= Paul of Edessa (translator) =

Mar Paul (Syriac: Pawla), usually known as Paul of Edessa or Paul of Cyprus, was the Byzantine Syriac Orthodox metropolitan of Edessa who was forced to abandon his see between about 602 and 629, when it fell under the Sasanian Empire. He was an important translator of Greek theological works into Syriac. He should not be confused with the Bishop Paul of Edessa who died in 526.

According to Jacob of Edessa, Paul fled to Egypt with many other bishops to escape the Sasanian invasion and occupation of Mesopotamia precipitated by the defection and rebellion of Narses, governor of Mesopotamia, who seized Edessa with Sasanian support in 602–03. He then fled Egypt for Cyprus to escape the Sasanian conquest of Egypt in 618–621. At the time of his translation work on Cyprus he was described as an archimandrite (supervisor of abbots).

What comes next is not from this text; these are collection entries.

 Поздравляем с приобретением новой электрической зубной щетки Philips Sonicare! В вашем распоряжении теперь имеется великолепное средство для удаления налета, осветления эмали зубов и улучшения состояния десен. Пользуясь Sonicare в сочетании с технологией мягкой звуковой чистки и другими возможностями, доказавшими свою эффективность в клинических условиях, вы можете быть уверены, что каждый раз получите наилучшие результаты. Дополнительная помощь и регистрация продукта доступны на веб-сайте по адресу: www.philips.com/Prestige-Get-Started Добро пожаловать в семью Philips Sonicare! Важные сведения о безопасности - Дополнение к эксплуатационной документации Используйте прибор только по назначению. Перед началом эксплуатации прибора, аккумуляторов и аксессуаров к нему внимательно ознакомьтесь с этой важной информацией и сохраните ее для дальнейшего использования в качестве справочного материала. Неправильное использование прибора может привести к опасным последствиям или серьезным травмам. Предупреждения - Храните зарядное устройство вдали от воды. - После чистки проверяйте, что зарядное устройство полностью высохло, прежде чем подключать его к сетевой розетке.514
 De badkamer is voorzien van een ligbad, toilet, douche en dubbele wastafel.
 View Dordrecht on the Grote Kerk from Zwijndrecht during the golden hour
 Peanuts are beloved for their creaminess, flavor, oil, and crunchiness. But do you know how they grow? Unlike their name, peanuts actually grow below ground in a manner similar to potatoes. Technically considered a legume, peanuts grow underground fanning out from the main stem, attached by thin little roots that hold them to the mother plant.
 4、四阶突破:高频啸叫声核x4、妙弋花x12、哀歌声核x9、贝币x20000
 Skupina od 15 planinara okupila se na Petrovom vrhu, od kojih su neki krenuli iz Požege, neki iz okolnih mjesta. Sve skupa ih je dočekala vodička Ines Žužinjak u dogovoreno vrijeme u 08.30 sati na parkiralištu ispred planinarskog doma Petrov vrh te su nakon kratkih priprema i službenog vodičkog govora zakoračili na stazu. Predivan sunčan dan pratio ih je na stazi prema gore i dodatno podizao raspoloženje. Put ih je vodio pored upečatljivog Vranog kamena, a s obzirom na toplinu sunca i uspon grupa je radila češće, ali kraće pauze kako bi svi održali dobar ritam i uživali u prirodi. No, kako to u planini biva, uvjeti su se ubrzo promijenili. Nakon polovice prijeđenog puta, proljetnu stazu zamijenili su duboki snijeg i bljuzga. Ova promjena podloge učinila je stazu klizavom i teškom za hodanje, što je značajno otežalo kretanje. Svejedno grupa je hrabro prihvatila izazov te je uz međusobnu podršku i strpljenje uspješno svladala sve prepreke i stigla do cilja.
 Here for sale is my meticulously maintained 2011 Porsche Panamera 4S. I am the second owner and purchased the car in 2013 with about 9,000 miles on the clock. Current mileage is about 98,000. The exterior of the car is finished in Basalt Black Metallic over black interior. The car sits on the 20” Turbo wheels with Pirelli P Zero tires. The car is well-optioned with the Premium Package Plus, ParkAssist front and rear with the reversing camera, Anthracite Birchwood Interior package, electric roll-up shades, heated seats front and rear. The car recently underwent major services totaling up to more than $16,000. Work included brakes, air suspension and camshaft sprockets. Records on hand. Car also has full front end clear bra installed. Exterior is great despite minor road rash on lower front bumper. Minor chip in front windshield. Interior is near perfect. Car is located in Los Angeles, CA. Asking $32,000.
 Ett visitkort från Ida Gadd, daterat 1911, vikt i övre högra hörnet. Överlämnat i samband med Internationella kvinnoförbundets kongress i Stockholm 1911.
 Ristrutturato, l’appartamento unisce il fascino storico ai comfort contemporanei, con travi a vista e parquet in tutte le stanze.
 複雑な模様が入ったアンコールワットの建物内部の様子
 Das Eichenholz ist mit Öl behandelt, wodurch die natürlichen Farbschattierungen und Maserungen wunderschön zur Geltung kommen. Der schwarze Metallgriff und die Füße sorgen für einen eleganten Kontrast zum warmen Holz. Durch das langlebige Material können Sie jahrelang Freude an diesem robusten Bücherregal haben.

Paul probably came out of the monastic complex of Qenneshre. (Note: That monks from Qenneshre had gone into exile by the 620s is proved by the reference to 20 such monks killed in the Slavic attack on Crete in 623.) A scribal notation in a manuscript dated to 675, refers to a Syriac version of the Gloria in excelsis of Athanasius of Alexandria as "translated by Paul, according to the tradition of Qenneshre".

In 623 or 624, during his time on Cyprus, Paul revised an earlier translation of the complete Discourses of Gregory of Nazianzus and the Commentaries of Pseudo-Nonnos. His edition survives in its entirety. On Cyprus, he also translated a collection of 295 hymns (maʿnyoto, antiphons) by Severus of Antioch, John bar Aphtonia, John Psaltes and others. This translation, made between 619 and 629, was revised by Jacob of Edessa in 675 to make it more literal. According to Jacob's note of explanation, the hymns were "translated from the Greek tongue into the Edessene or Syriac speech by the saintly Mar Paul who was bishop of the city of Edessa, while he was in the island of Cyprus, in flight from the Persians"

Paul may also be the translator of the famous pericope in the Gospel of John (7:50–8:12) concerning the woman taken in adultery, which is not found in the earliest Syriac New Testament manuscripts of the Peshitta and Ḥarqlean versions. It was attributed to a certain "Abbas Pawla" (Abbot Paul), which is generally assumed to be Paul of Edessa, although Paul of Tella, a contemporary and also an exile from the Sasanian invasion, has been suggested.

At least one Syriac Orthodox liturgical calendar commemorates Paul on 23 August as "Paul, bishop of Edessa, who translated the books".